Assigned task –
Transcribe exactly the lines from the first line of the records through the line containing "이런 고민 끝에 『합격", and leave out every picture.
*** Available data ***
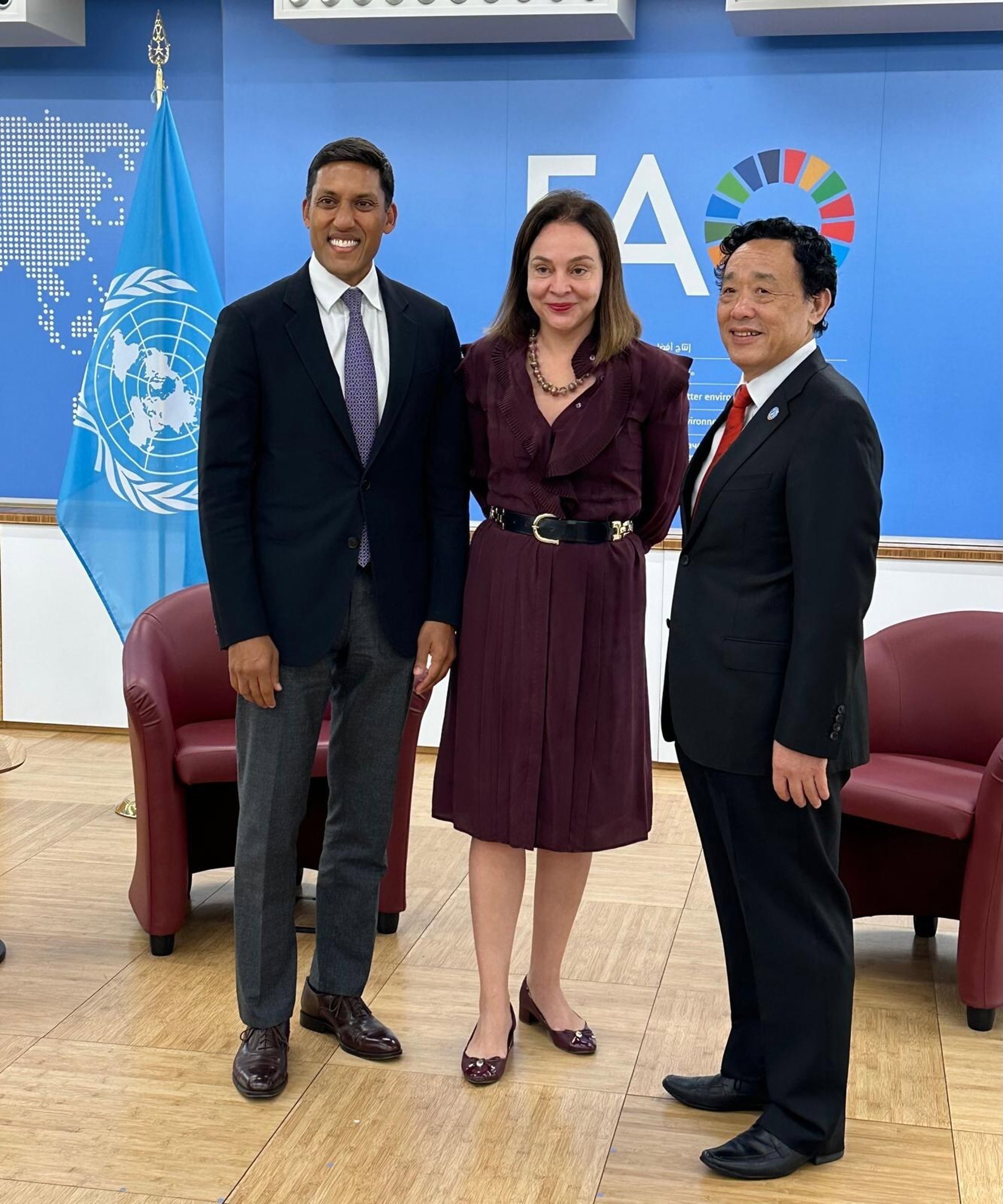 The Rockefeller Foundation President Rajiv Shah, The Ambassador and Permanent Representative of Brazil to the UN Rome-based Agencies, Carla Barroso Carneiro, and The Food and Agriculture Organization Director-General QU Dongyu at an event today to annou - THE ROCKEFELLER FOUNDATION/PR NEWSWIRE
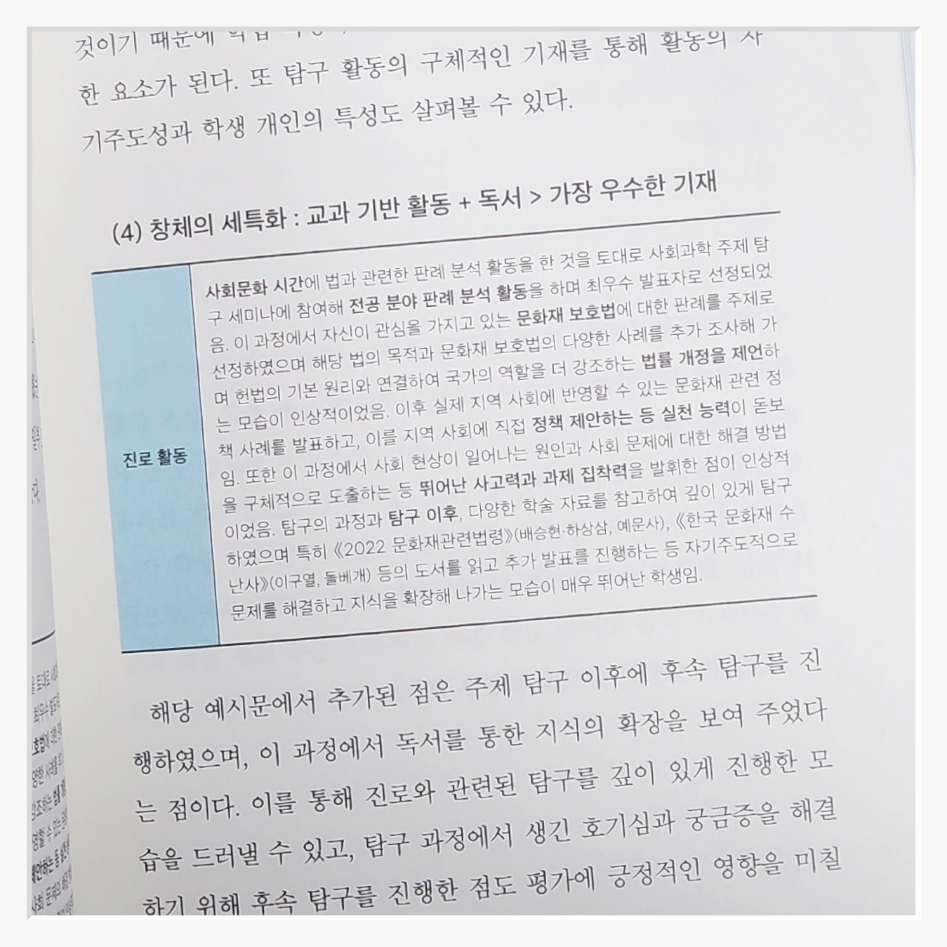 이런 고민 끝에 『합격 생기부 절대 원칙, 탐구력』이란 책을 손에 들었다. 제목부터 직관적이다. 역시나 내 고민과 정확히 맞아떨어지는 책이었다.
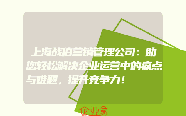 - 上海战伯营销管理公司:助您轻松解决企业运营中的痛点与难题,提升竞争力!
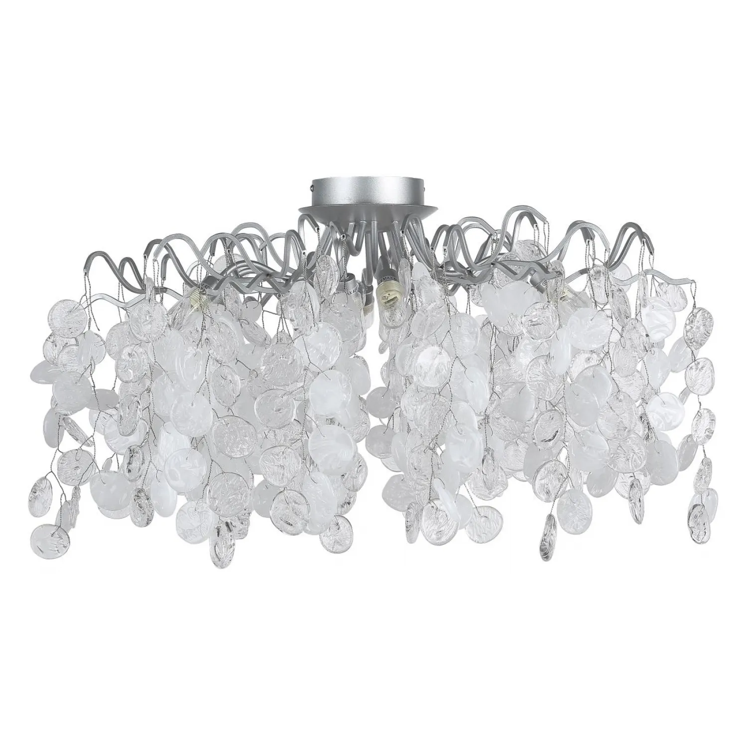 Светильник имеет кристальные подвески, которые создают великолепный игру света и тени, добавляя шарма и роскоши вашему интерьеру. Благодаря своему серебристому оттенку, он легко впишется в любой дизайн и станет ярким акцентом в вашем доме или офисе.
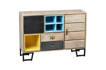 Buffet 2 Portes 2 Tiroirs Parchet. Proposant un espace de rangement coloré et surtout optimal grâce à ses rangements variés, ce buffet peut s'utiliser aisément dans diverses pièces de votre intérieur. Avec son style industriel combinant le bois massif et le métal, et son ergonomie en terme d'espace de rangement, la gamme Parchet est idéale pour les intérieurs d'aujourd'hui. Structure en palissandre massif finition vieilli. Tiroirs en palissandre massif et acier vernis laqué. Caisson en MDF laqué. Pieds à monter. Dimensions : 120 x 35 x H80 cm. Bois issu de la gestion contrôlée des forêts.
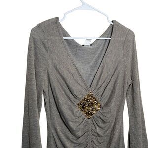 Venus T-Shirt Women's Medium Metallic Beaded V-Neck Ruched 3/4 Sleeve Top
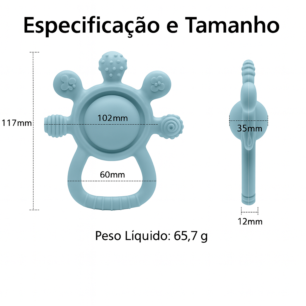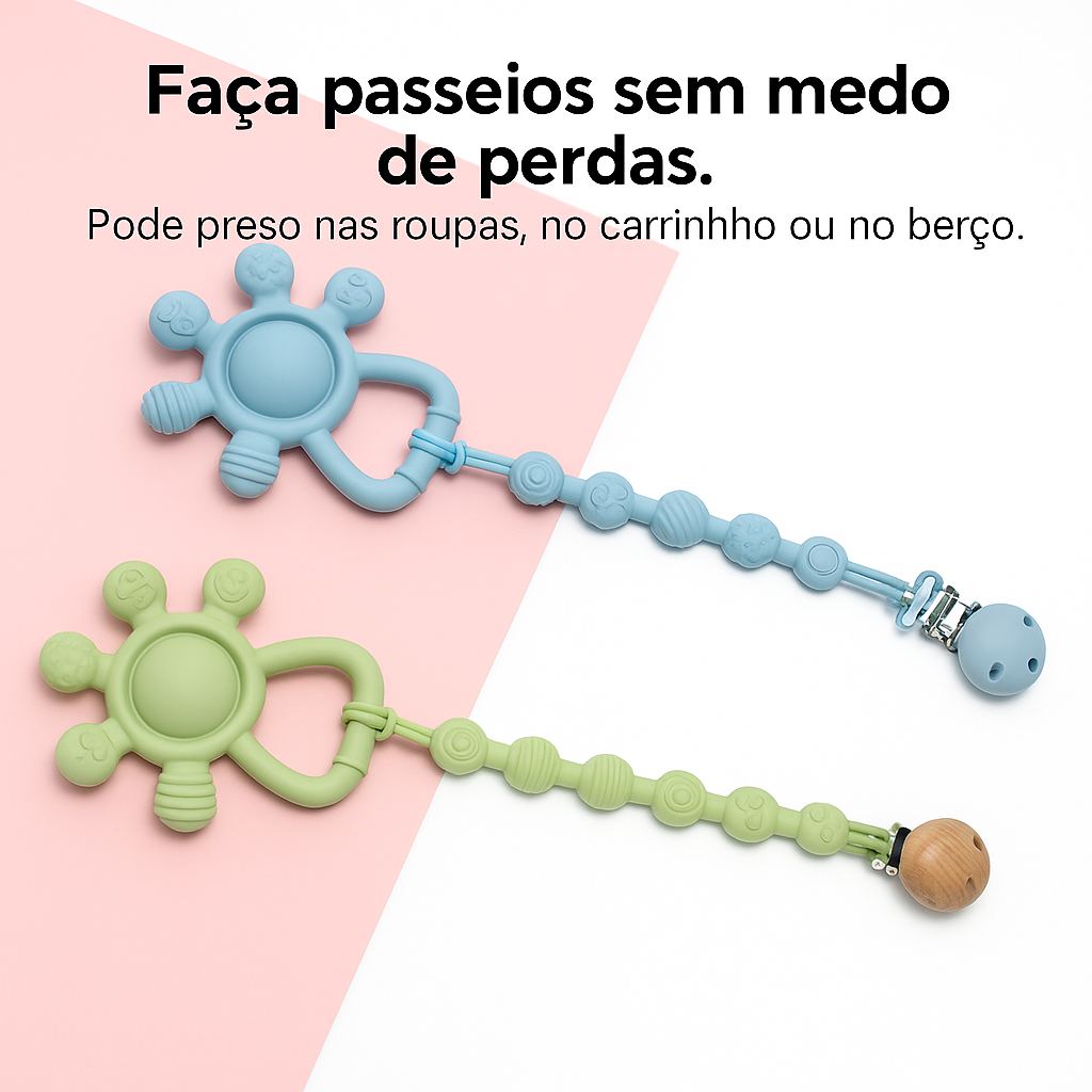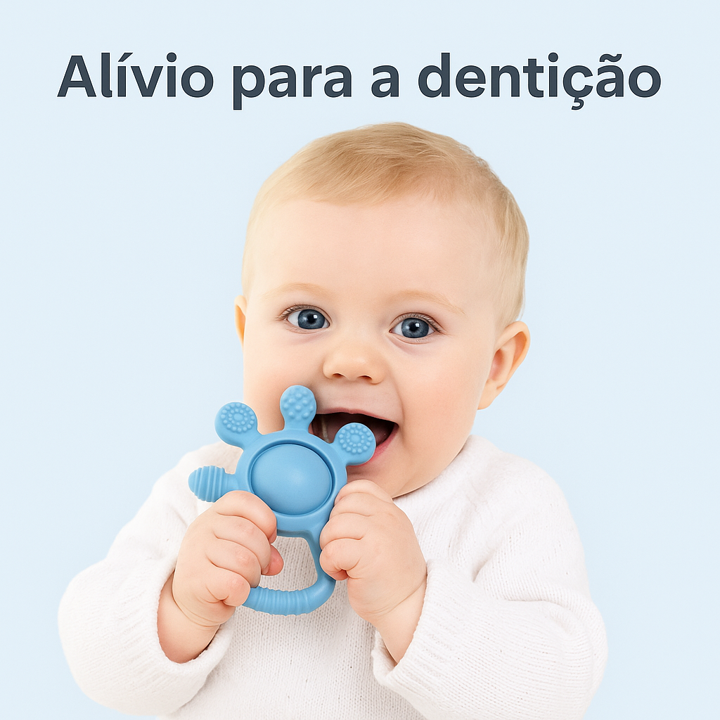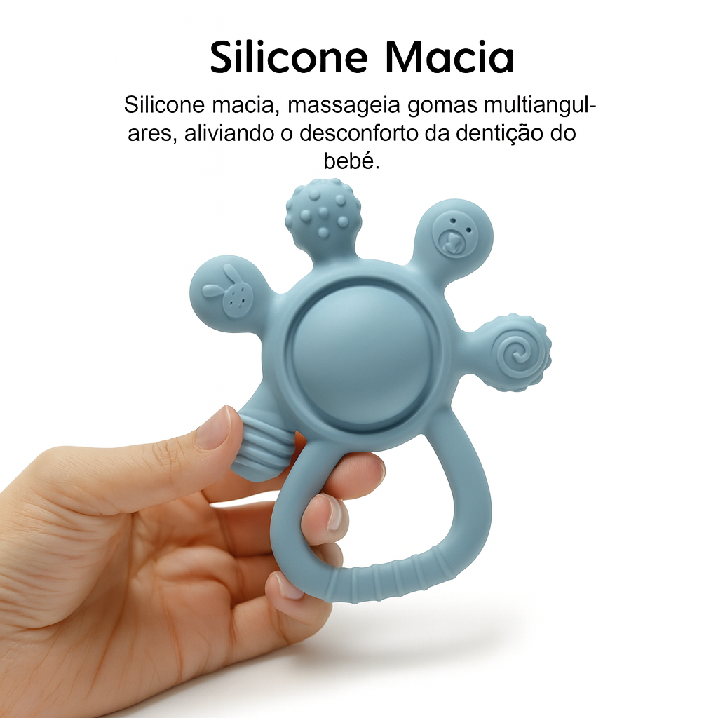 “O silicone é macio e dá pra ver que é seguro. Fácil de limpar e ele adora o barulhinho leve do chocalho.” – Amanda P. (BA)
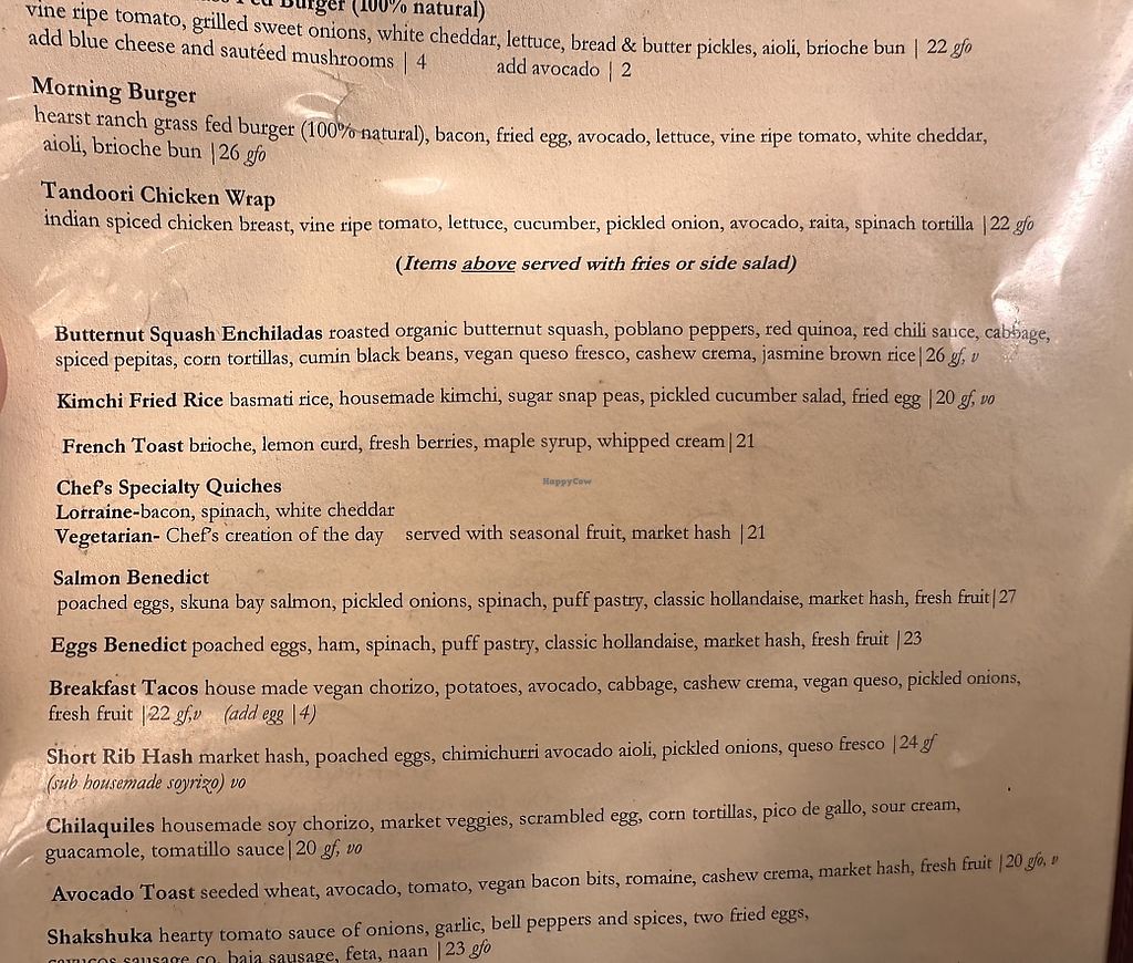 Plant based options are still very limited here, but Robin’s offers clearly marked selections on their menu. To be able to eat with the rest of my group, and order directly from the menu, was so refreshing. Clearly marked soup, starter, entree and dessert made ordering a breeze. The food was fresh and delicious, and I could not finish the large portions. I appreciated the dining experience so much and would highly recommend Robin’s. The omnivores in my group loved their meals as well, so overall a wonderful dinner
*** End of Available data ***
Your response –
 The Rockefeller Foundation President Rajiv Shah, The Ambassador and Permanent Representative of Brazil to the UN Rome-based Agencies, Carla Barroso Carneiro, and The Food and Agriculture Organization Director-General QU Dongyu at an event today to annou - THE ROCKEFELLER FOUNDATION/PR NEWSWIRE
 이런 고민 끝에 『합격 생기부 절대 원칙, 탐구력』이란 책을 손에 들었다. 제목부터 직관적이다. 역시나 내 고민과 정확히 맞아떨어지는 책이었다.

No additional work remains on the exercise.